──────── Supplied data ────────
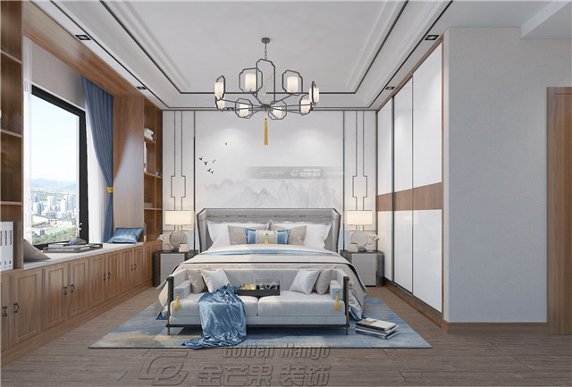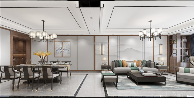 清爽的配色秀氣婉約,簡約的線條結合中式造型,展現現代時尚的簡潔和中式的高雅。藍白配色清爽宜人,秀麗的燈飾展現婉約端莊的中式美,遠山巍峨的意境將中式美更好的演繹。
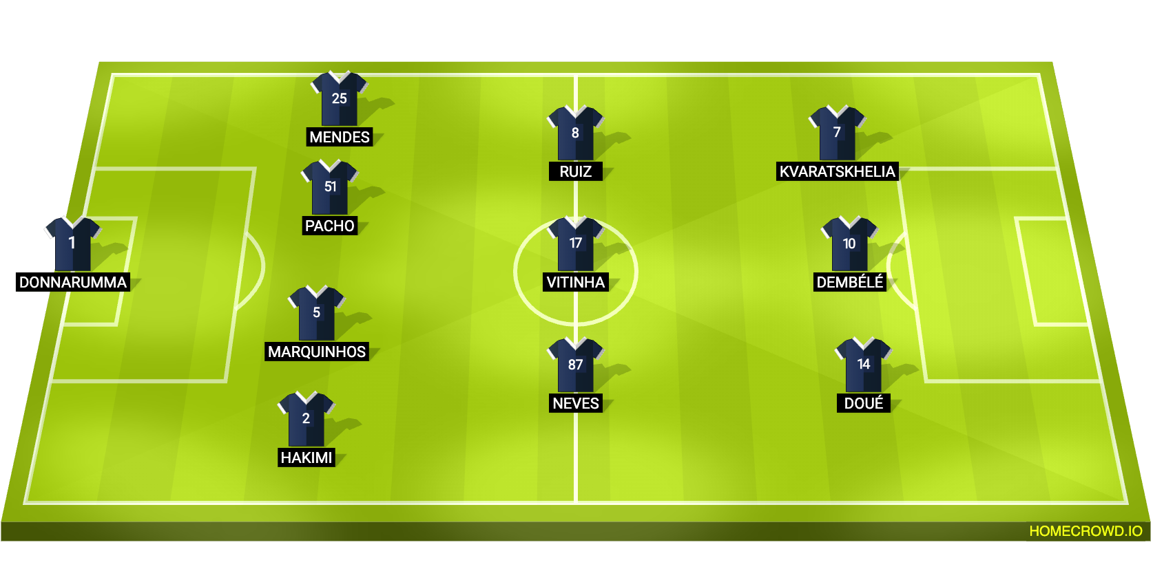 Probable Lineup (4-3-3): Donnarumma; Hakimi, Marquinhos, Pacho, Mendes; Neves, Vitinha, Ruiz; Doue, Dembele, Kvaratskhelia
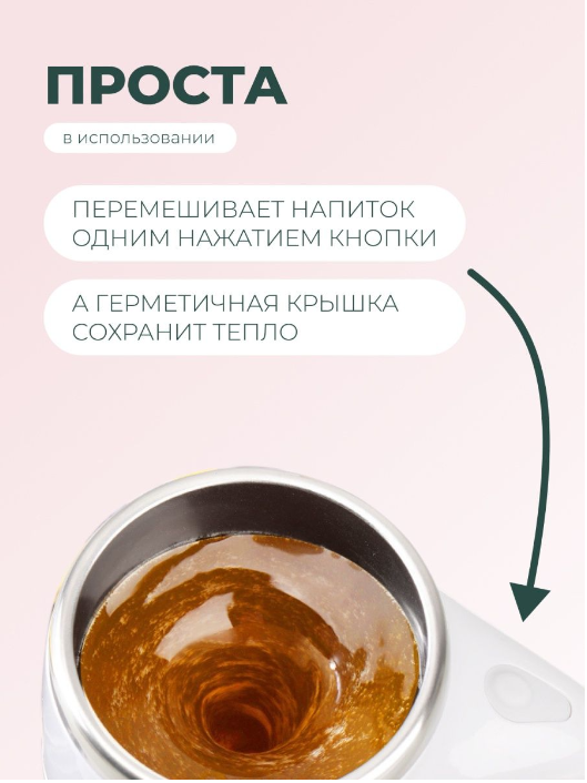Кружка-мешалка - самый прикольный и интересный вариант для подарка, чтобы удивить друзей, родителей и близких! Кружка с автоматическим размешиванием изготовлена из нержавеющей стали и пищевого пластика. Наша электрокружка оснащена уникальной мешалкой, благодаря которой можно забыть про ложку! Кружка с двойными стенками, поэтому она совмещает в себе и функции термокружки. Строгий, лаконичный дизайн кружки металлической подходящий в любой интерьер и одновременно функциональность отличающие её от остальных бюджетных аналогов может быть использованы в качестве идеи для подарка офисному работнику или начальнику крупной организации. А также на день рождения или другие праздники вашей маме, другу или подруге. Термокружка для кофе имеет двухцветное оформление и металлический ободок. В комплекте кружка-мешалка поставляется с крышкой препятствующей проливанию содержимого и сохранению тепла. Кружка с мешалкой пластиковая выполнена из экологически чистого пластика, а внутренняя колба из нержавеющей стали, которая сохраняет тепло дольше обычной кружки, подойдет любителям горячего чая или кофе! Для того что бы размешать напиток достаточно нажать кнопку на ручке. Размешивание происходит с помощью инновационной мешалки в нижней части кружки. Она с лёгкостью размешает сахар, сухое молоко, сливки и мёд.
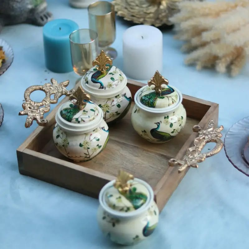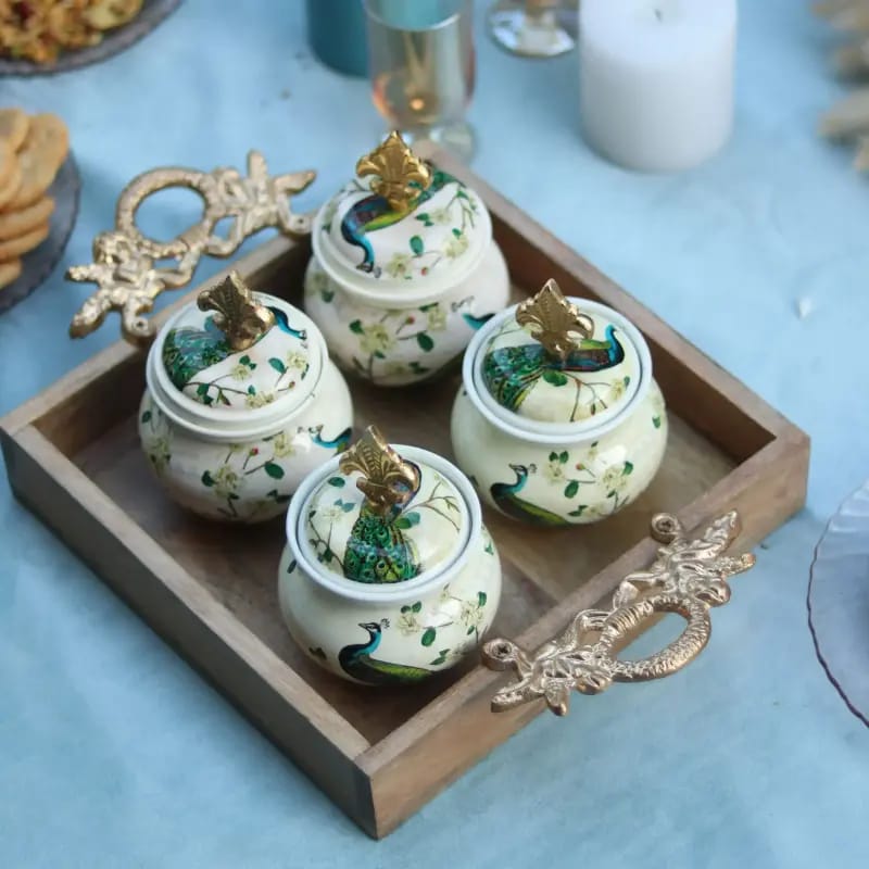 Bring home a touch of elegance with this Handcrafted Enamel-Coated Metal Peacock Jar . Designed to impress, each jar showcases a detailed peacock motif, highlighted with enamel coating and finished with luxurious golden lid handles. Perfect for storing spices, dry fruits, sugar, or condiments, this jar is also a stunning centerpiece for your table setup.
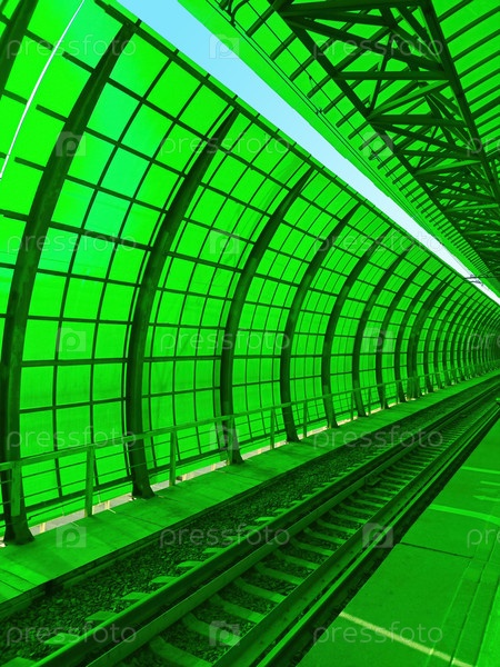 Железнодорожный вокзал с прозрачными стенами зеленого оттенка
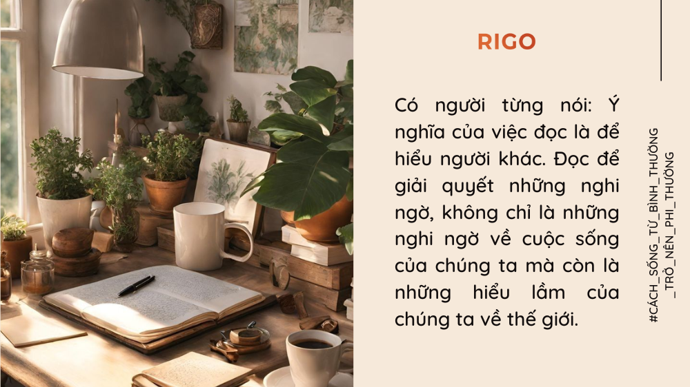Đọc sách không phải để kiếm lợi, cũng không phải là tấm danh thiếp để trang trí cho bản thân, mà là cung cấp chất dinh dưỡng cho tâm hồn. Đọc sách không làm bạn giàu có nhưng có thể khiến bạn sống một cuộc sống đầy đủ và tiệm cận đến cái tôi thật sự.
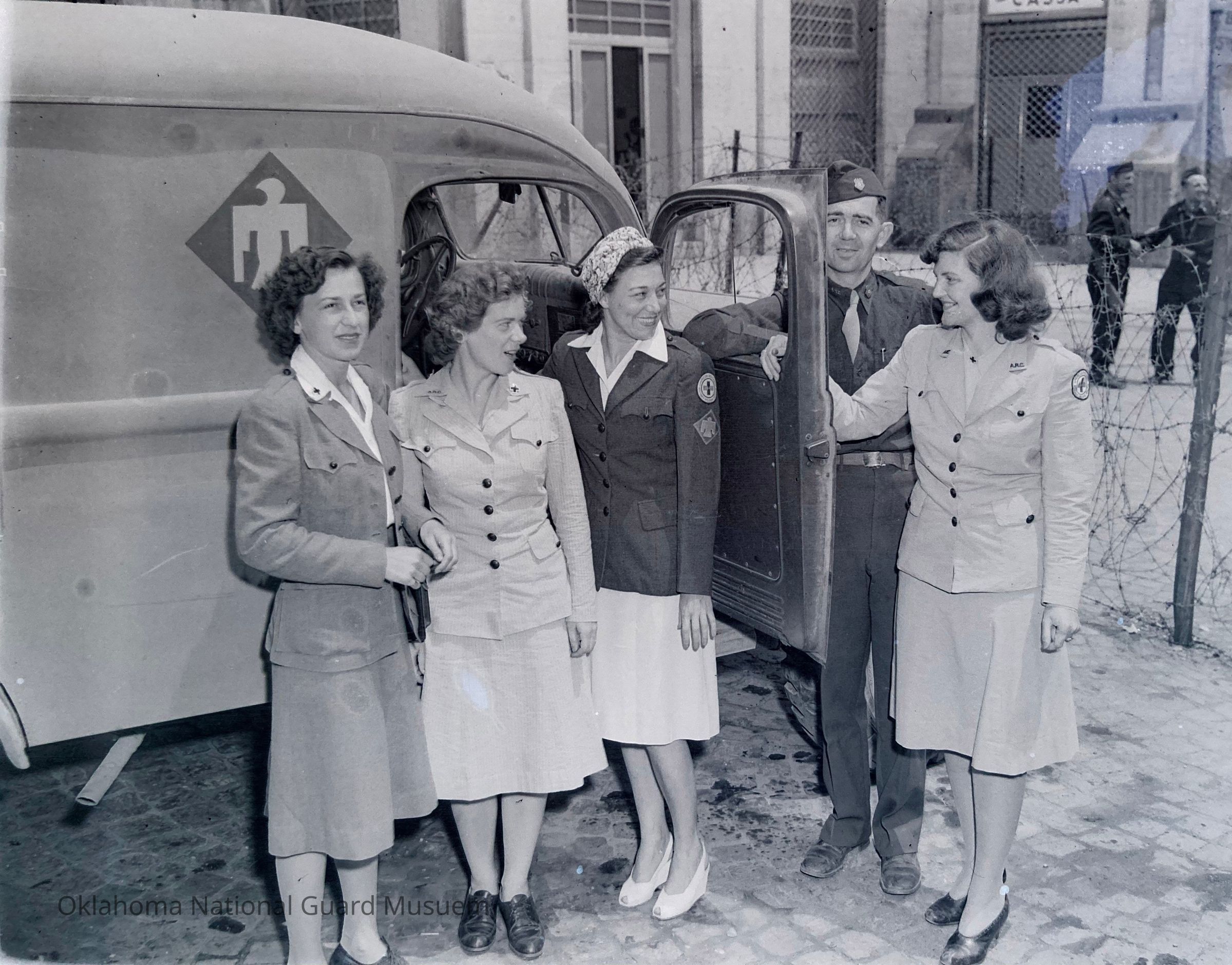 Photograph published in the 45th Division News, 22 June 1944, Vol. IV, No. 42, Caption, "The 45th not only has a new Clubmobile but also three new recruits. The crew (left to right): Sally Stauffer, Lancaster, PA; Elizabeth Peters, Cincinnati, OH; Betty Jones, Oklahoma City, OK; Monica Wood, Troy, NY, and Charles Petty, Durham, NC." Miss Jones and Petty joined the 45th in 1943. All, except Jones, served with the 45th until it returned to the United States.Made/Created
────────
Problem requirements » Exactly the lines from the one holding "Железнодорожный вокзал с" to the last line of the records above should be duplicated, with no pictures among them.

Solution to this problem »
 Железнодорожный вокзал с прозрачными стенами зеленого оттенка
Đọc sách không phải để kiếm lợi, cũng không phải là tấm danh thiếp để trang trí cho bản thân, mà là cung cấp chất dinh dưỡng cho tâm hồn. Đọc sách không làm bạn giàu có nhưng có thể khiến bạn sống một cuộc sống đầy đủ và tiệm cận đến cái tôi thật sự.
 Photograph published in the 45th Division News, 22 June 1944, Vol. IV, No. 42, Caption, "The 45th not only has a new Clubmobile but also three new recruits. The crew (left to right): Sally Stauffer, Lancaster, PA; Elizabeth Peters, Cincinnati, OH; Betty Jones, Oklahoma City, OK; Monica Wood, Troy, NY, and Charles Petty, Durham, NC." Miss Jones and Petty joined the 45th in 1943. All, except Jones, served with the 45th until it returned to the United States.Made/Created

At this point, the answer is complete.